Problem
Return the data below unaltered, but strip out the pictures.

Provided material
☆ ☆ ☆ ☆ ☆ ☆ ☆

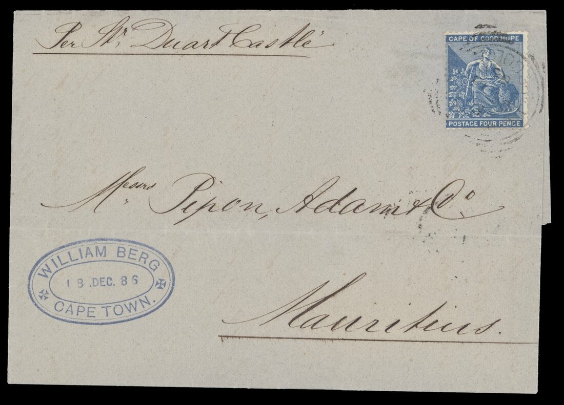 1885 (18 Dec.) entire letter from Cape Town to Mauritius, bearing 4d. tied by light squared-circle d.s. and showing arrival c.d.s. (2.1) on reverse
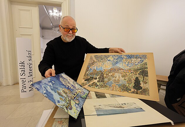 Aleš Palán, kurátor výstavy s názvem Pavel Salák. Muž, který sází borovici blatku v chebské galerii výtvarného umění (15. ledna 2025)
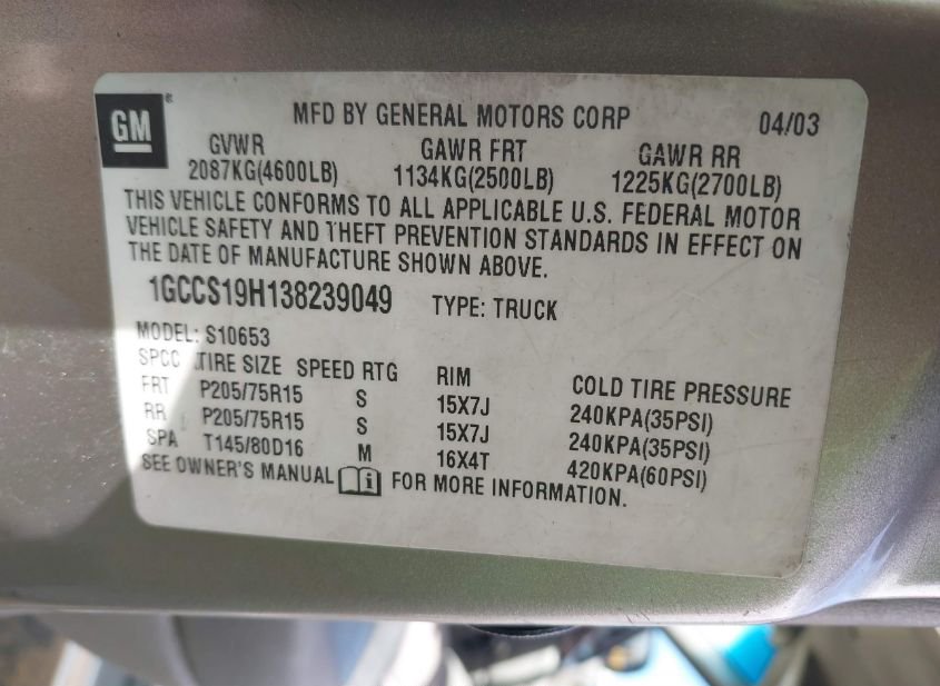 2003 Chevrolet S-10 2.2L

☆ ☆ ☆ ☆ ☆ ☆ ☆

Output
 1885 (18 Dec.) entire letter from Cape Town to Mauritius, bearing 4d. tied by light squared-circle d.s. and showing arrival c.d.s. (2.1) on reverse
 Aleš Palán, kurátor výstavy s názvem Pavel Salák. Muž, který sází borovici blatku v chebské galerii výtvarného umění (15. ledna 2025)
 2003 Chevrolet S-10 2.2L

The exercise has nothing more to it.